Derek Quizon at the Daily Progress reports that the University of Virginia is looking to spend well over half a billion dollars in the next few years.

Implementing the University of Virginia’s five-year strategic plan could cost more than a half-billion dollars, much of the money going to faculty, according to school estimates.

UVa’s administration has avoided publicly discussing the plan’s cost, calling it a fluid and unpredictable figure. But a 44-page analysis obtained in an open records request put the estimate at $564 million, almost a fourth of that amount covering faculty pay raises and net salaries for more than 400 new professors, mostly to cover an anticipated wave of retirements.

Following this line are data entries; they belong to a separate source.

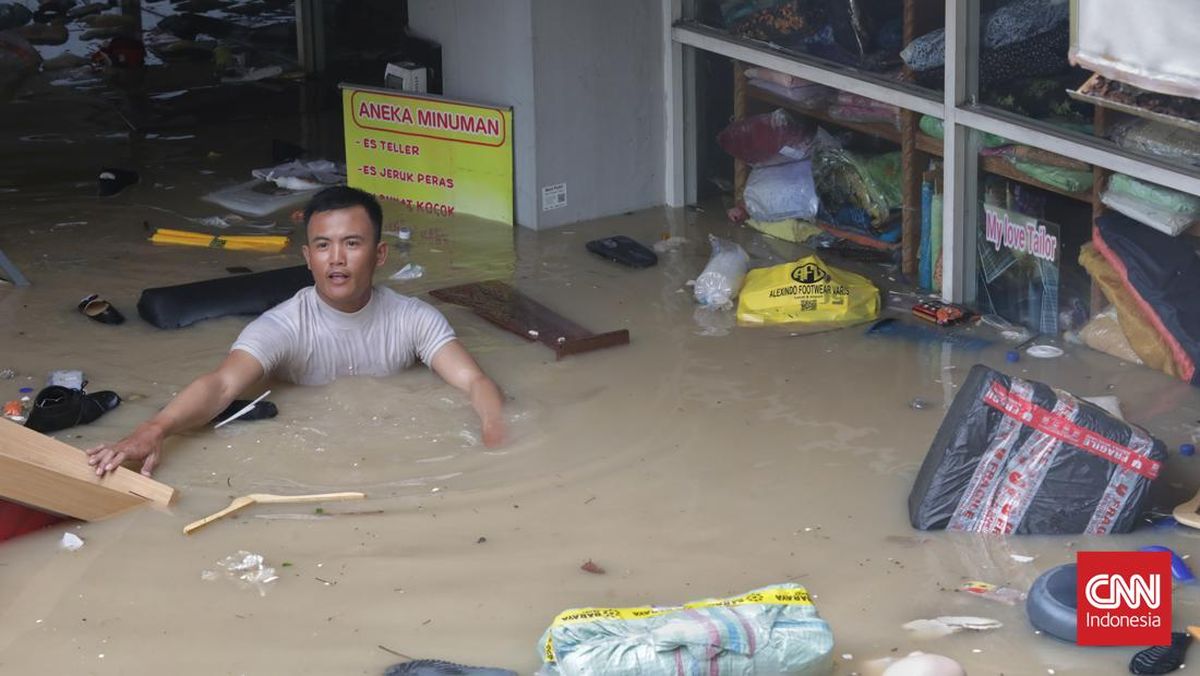 Dalam video yang diunggah akun TikTok @af***** bertanggal Rabu (23/1) itu, terlihat seorang warga merekam kondisi perumahan yang terendam air cokelat keruh. Air tampak mengalir kencang hingga menyeret tubuh perekam, membuatnya tidak bisa menginjak tanah dan terpaksa berenang untuk bertahan.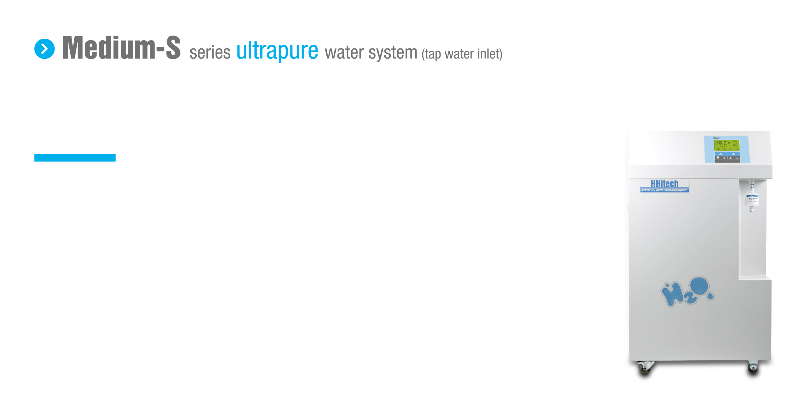 With LCD controlling system, 3 way water quality sensor, cartridge replacing alarm, timing and quality dispensing, stainless steel shell, built-in 2 set pressure tanks, single stage RO system and 1 pump, Medium-S series ultrapure water system is superior choice of ultrapure water’s mass usage for high grade experiments.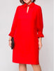 Şık Fener Kollar: Göz alıcı yedi çeyrek uzunluktaki fener kollar, bu elbisenin moda cazibesini vurgulamak için eğlenceli ve sofistike bir görünüm katıyor..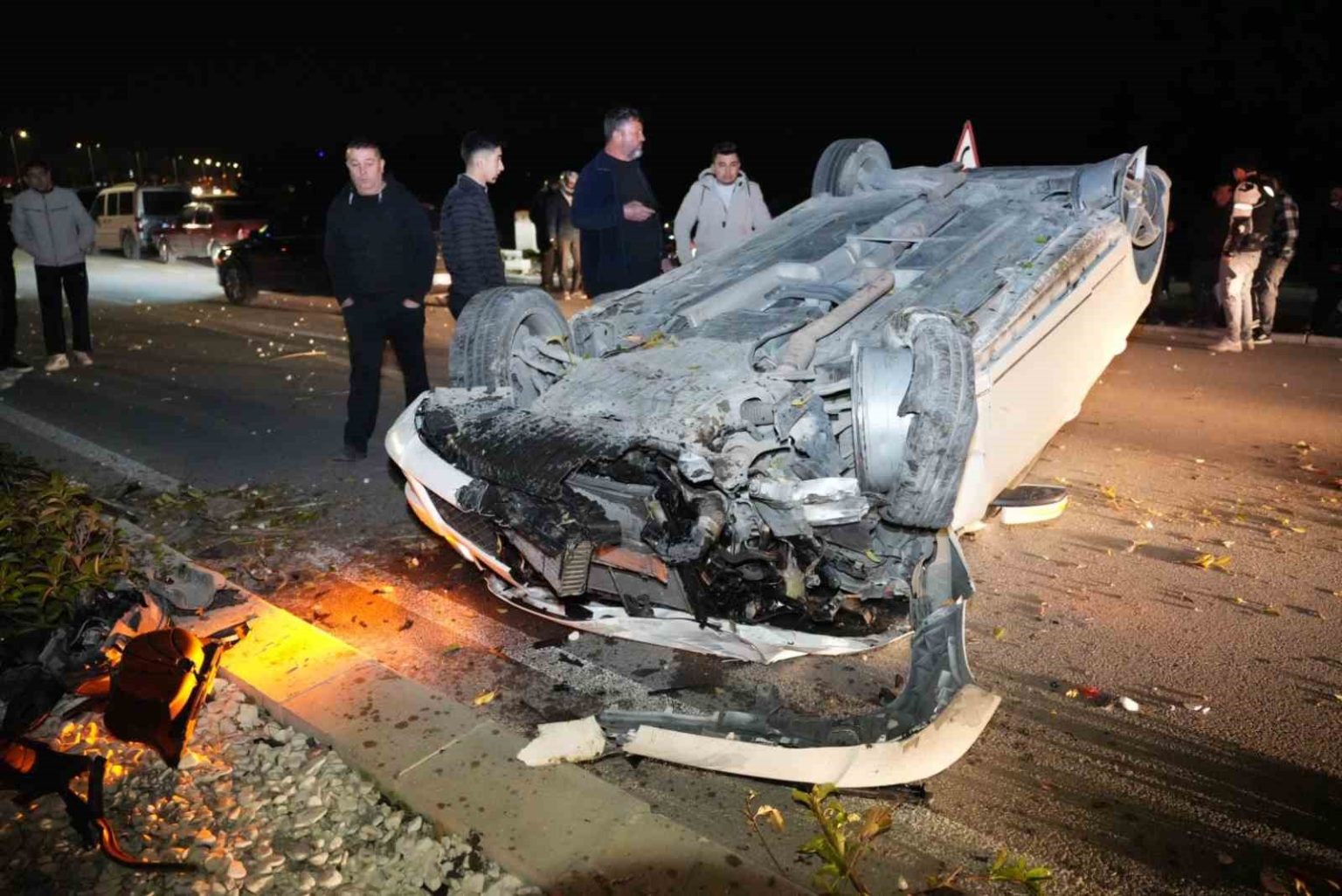 Bölgeye gelen sağlık ekipleri sürücü M.A.’ya olay yerindeki müdahalelerin ardından ambulans ile en yakın hastaneye sevk etti. Kaza sonucunda lüks otomobil hurdaya döndü.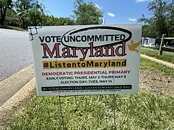 - ^ "50,000 'uncommitted' votes cast in Maryland in protest of Biden's response to war in Gaza". cbsnews.com. CBS News. 17 May 2024. Retrieved 23 August 2024.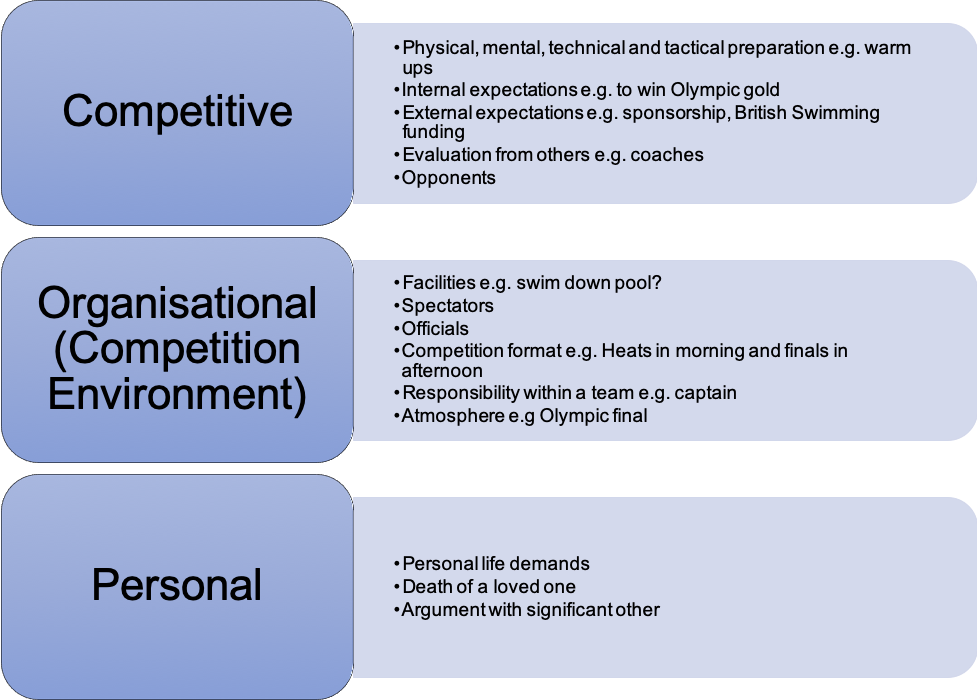 Elite swimming stressors are defined as any demand or combination of demands which “increases the importance of performing well on a particular occasion”[4] (p.610) and can be split into three types [3,5]:

Faculty startup packages — or research seed money — would total almost $200 million.

The analysis said about $330 million would go toward faculty. The university expects to replace 295 retiring faculty with 425 new hires. Additional faculty is needed to account for projected enrollment growth, Sullivan wrote in her letter to the board. Enrollment is expected to increase by 1,089 over the five years of the plan, starting next fall and ending in 2019, according to the analysis.

Pouring that much money into the Charlottesville area is likely to have a positive effect, but I’m curious as to what the impact will be on tuition and housing. What plans are being made (if any) to accommodate the new students? Presumably the slew of new apartments on West Main Street will house some of these students. Any plans for new parking garages?

I’m curious too why it took a FOIA to extract these numbers from the University.